PUNTO CRUCIALE: I CONTROLLI.

Chi deve effettuarli e quali procedure seguire.

In un primo momento si era pensato al medico competente ma, la categoria ha subito chiarito la propria posizione escludendo tale possibilità.

Non è rimasta altra scelta al Governo, a questo punto, se non ascrivere il dovere di controllo ai datori di lavoro, senza alcun discrimen tra il settore pubblico e quello privato.

All’uopo, resta meno di un mese di tempo ai vertici aziendali ed ai dirigenti pubblici per disegnare i processi di verifica ed identificare i soggetti eventualmente adibiti al controllo.

Punti essenziali delle modalità operative dovranno essere:

– nomina di un soggetto responsabile incaricato dell’accertamento;

– predisporre che il controllo venga fatto al momento dell’accesso al luogo di lavoro;

– l’utilizzo di una app ufficiale sviluppata dal Ministero (VerifiCa19) per la lettura della validità del green pass; Per le grandi realtà, più strutturate, si ipotizza anche l‘utilizzo di totem digitali all’ingresso.

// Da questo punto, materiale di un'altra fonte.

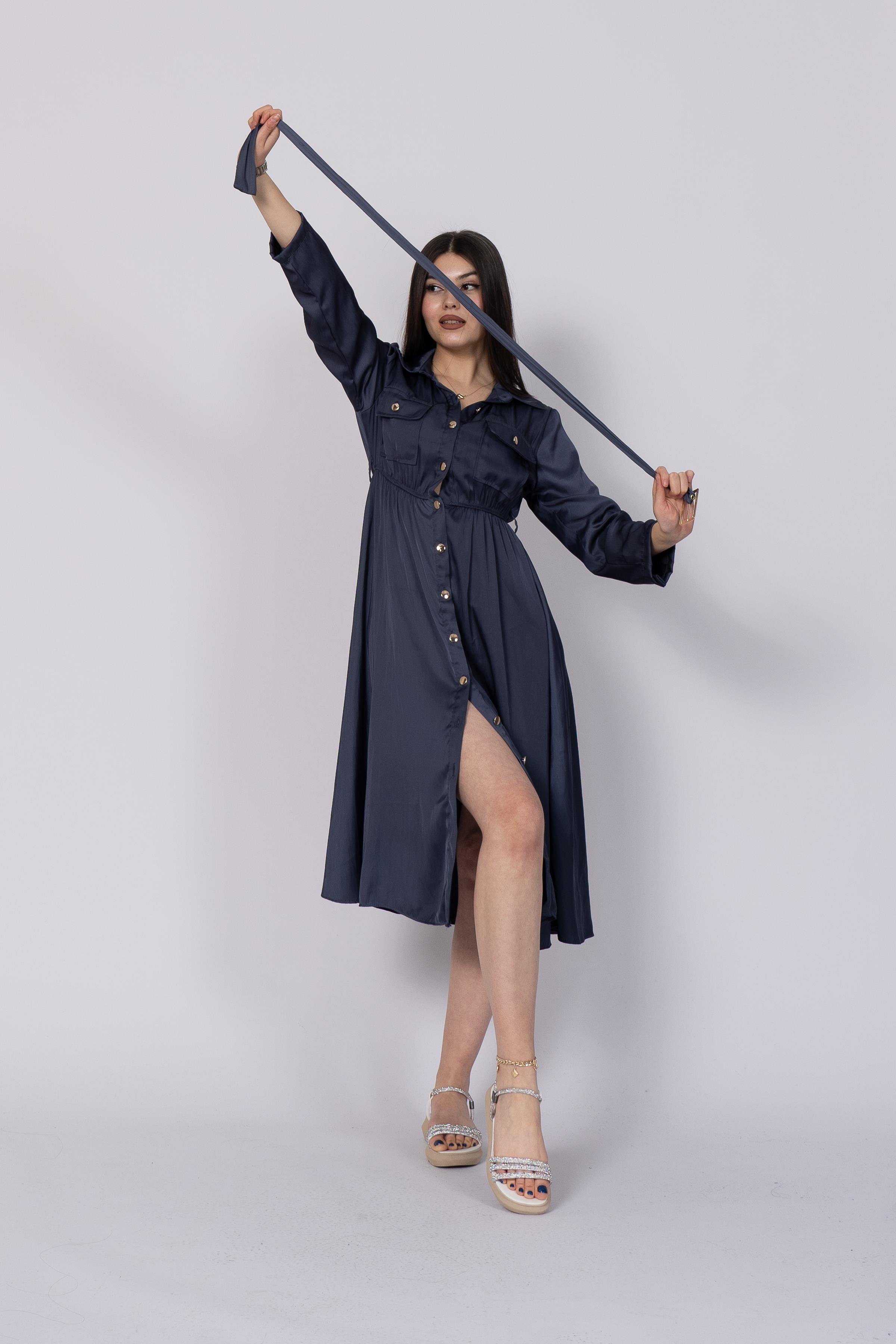 Uzun Kollu ve Kolları Katlana Bilen Boydan Düğmeli Beli Lastikli Saten Elbise 50306

GREEN PASS E PRIVACY: IL PUNTO DEL GARANTE E DEL CONSIGLIO DI STATO.

L’AUTORITA’ GARANTE: il trattamento dei dati in fase di verifica non comporta alcun illecito se segue la normativa e non necessita del consenso dell’interessato.

Il Garante osserva che nelle procedura di verifica condotta secondo le norme di riferimento in vigore, a mezzo dell’app sviluppata dal Ministero della salute – VerifiCa19- non vi è alcuna raccolta del dato. Tale aspetto è sancito e garantito dal DPCM 17 giugno 2021 che prevede, inoltre, la mancata raccolta di qualsiasi dato riferibile all’intestatario della green card da parte del soggetto incaricato della verifica e debitamente istruito.

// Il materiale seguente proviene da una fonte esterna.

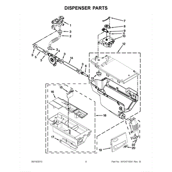 This funnel directs liquid fabric softener and bleach from the dispenser into the wash tub to ensure proper dispensing and reduce splashing. Fits into the washer dispenser assembly to restore correct chemical flow during cycles. What it does:

I limiti delle verifiche restano ascritti in capo ai datori di lavoro, pertanto il trattamento dei dati dovrà essere funzionale ad adempiere agli obblighi di legge a lui prescritti e adeguato al principio di minimizzazione in tema di protezione dei dati personali.

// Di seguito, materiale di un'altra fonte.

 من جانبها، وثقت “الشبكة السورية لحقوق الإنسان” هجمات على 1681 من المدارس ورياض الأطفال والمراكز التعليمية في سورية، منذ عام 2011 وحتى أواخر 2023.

In tal senso, il soggetto incaricato di eseguire i controlli dovrà ricevere istruzioni specifiche e il trattamento eseguito non potrà in alcun modo ritenersi illecito.

IL CONSIGLIO DI STATO

Recentissima la pronuncia del supremo organo di Palazzo Spada, che –uniformandosi alla decisione emessa dal Tar Lazio n. 4281/21- respinge un ricorso cautelare avverso gli obblighi imposti dal Governo tramite il green pass argomentato sulla presunta violazione del Regolamento Europeo sulla protezione dei dati personali, nello specifico quelli sanitari ex art. 9 del GDPR.

Il CdS opera un bilanciamento di interessi tra i principi costituzionali in rilievo nella questione da decidere, evidenziando che tra l’interesse dei singoli espresso nel loro diritto di auto determinarsi e l’interesse pubblico alla salute ed alla sicurezza, previsto anche dall’art. 32 della Costituzione, è sicuramente quest’ultimo da valutare come prevalente di guisa che non deriverebbe l’attualità del pregiudizio, requisito indispensabile all’accoglimento del ricorso in via cautelare.

La prevalenza dell’interesse alla tutela della salute e sicurezza pubblica non è stato il solo aspetto valutato nel giudizio di bilanciamento non potendosi sottovalutare un altro importantissimo interesse collettivo, posto anche alla base della ratio del decreto emanato dal Governo Draghi, ovvero la necessità della ripresa economica e sociale delle attività.

Sul rilievo della presunta violazione dell’EU 679/16, chiaro è stato il dictat dell’Autorità Garante della Protezione dei Dati Presonali: essersi sottoposti al vaccino resta un dato sottoposto al controllo esclusivo del medico competente che potrà stabilire l’idoneità alla mansione del lavoratore, mai del datore di lavoro. Tuttavia, la verifica del possesso del green pass è un controllo esercitabile sia dal datore di lavoro che da un incaricato ad hoc in quanto dal controllo nulla si evince su tale condizione (vaccinato/non vaccinato), pertanto non è possibile raccogliere dati particolari ex art. 9 GDPR ma solamente “spuntare” la presenza del green pass, condotta dalla quale non consegue alcun trattamento illecito dei dati personali.